Task statement: Every line from the one with "na chapa, milho." up to and including the one with "After Ursula and" is to be output exactly as it appears below; pictures are not.

Data in this exercise:
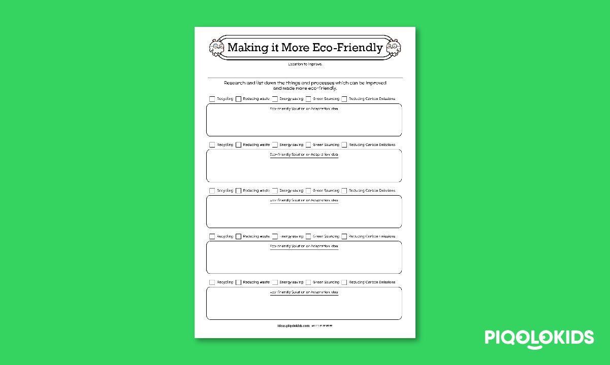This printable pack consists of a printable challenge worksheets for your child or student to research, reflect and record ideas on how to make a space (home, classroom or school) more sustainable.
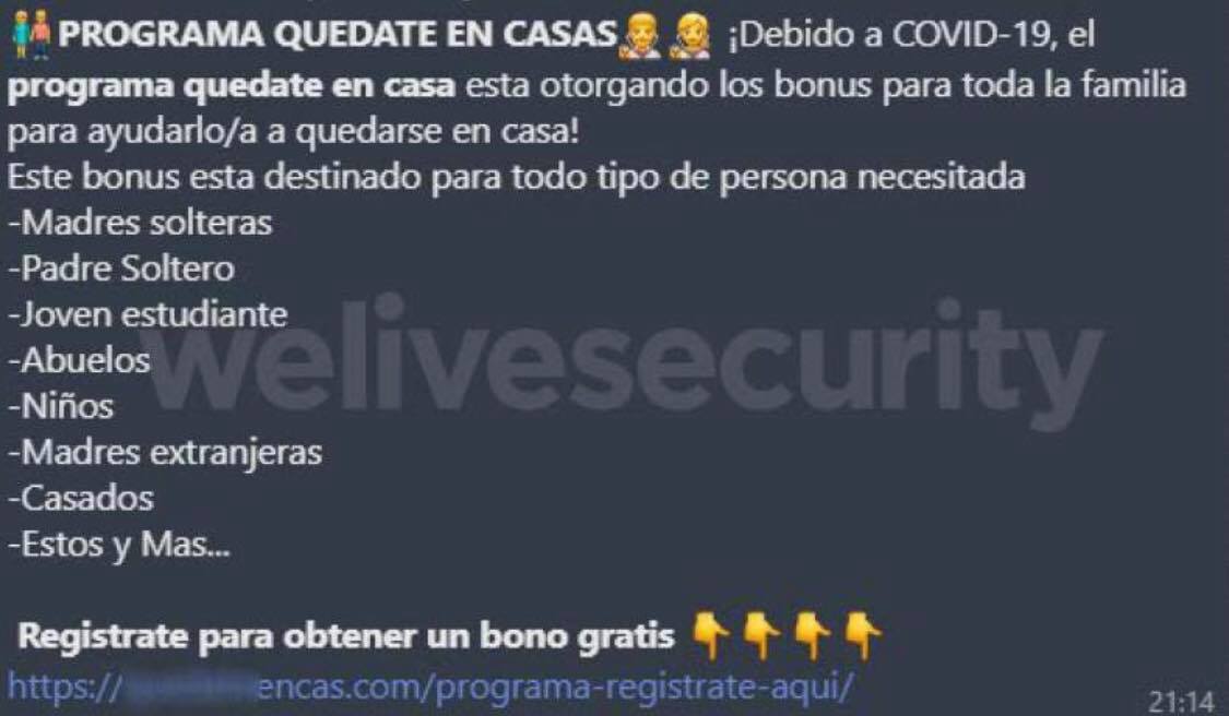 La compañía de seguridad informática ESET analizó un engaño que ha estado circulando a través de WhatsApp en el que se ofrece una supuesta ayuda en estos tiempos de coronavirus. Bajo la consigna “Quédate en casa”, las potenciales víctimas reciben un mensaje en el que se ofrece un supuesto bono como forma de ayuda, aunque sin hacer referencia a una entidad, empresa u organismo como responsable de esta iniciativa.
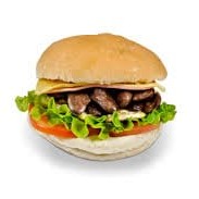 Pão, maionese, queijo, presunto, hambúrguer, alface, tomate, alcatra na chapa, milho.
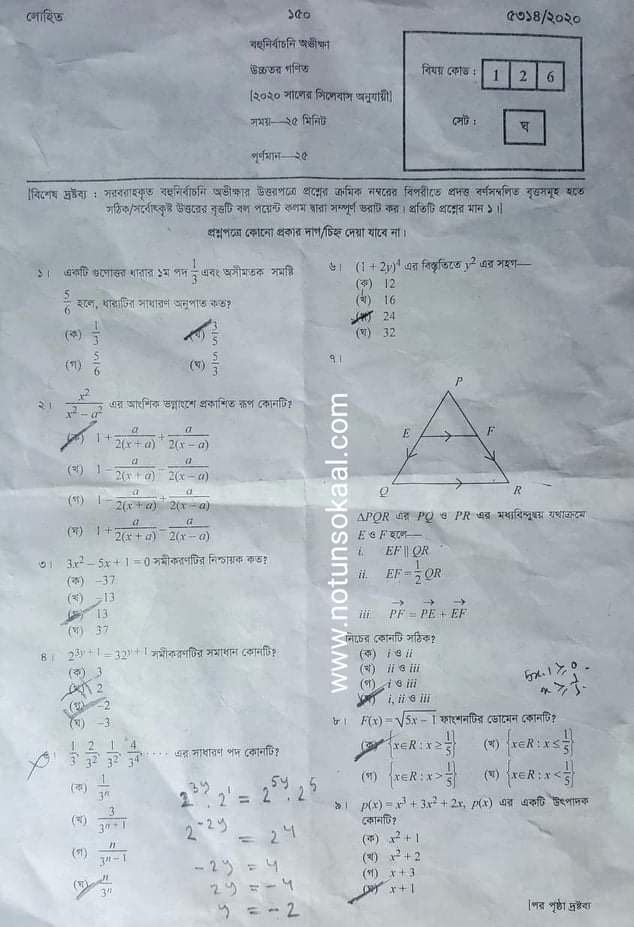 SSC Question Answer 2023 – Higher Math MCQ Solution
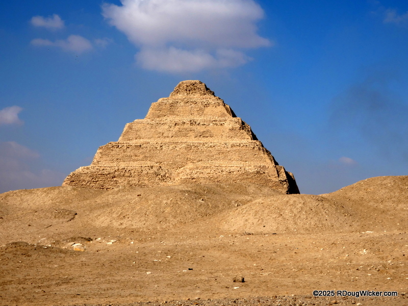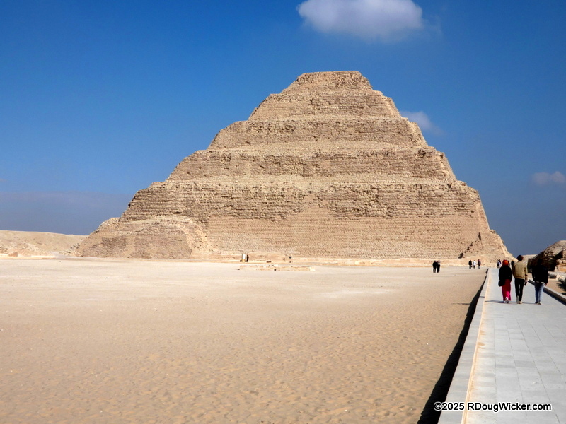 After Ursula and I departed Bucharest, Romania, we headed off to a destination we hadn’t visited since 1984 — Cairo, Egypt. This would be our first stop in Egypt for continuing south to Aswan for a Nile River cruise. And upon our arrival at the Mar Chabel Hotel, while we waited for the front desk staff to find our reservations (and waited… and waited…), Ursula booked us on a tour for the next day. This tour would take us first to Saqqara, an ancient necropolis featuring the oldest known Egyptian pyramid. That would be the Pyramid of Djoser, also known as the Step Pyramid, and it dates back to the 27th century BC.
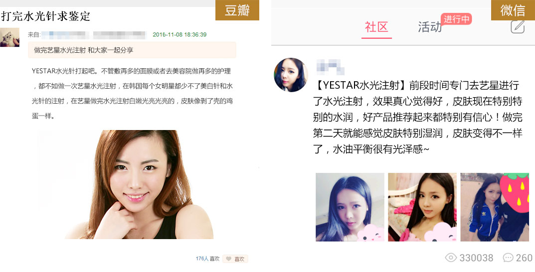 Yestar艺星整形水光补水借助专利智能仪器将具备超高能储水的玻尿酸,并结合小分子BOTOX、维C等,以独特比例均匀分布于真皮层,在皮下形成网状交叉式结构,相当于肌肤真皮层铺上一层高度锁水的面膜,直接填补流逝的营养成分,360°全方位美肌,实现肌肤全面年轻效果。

Exercise result:
 Pão, maionese, queijo, presunto, hambúrguer, alface, tomate, alcatra na chapa, milho.
 SSC Question Answer 2023 – Higher Math MCQ Solution
 After Ursula and I departed Bucharest, Romania, we headed off to a destination we hadn’t visited since 1984 — Cairo, Egypt. This would be our first stop in Egypt for continuing south to Aswan for a Nile River cruise. And upon our arrival at the Mar Chabel Hotel, while we waited for the front desk staff to find our reservations (and waited… and waited…), Ursula booked us on a tour for the next day. This tour would take us first to Saqqara, an ancient necropolis featuring the oldest known Egyptian pyramid. That would be the Pyramid of Djoser, also known as the Step Pyramid, and it dates back to the 27th century BC.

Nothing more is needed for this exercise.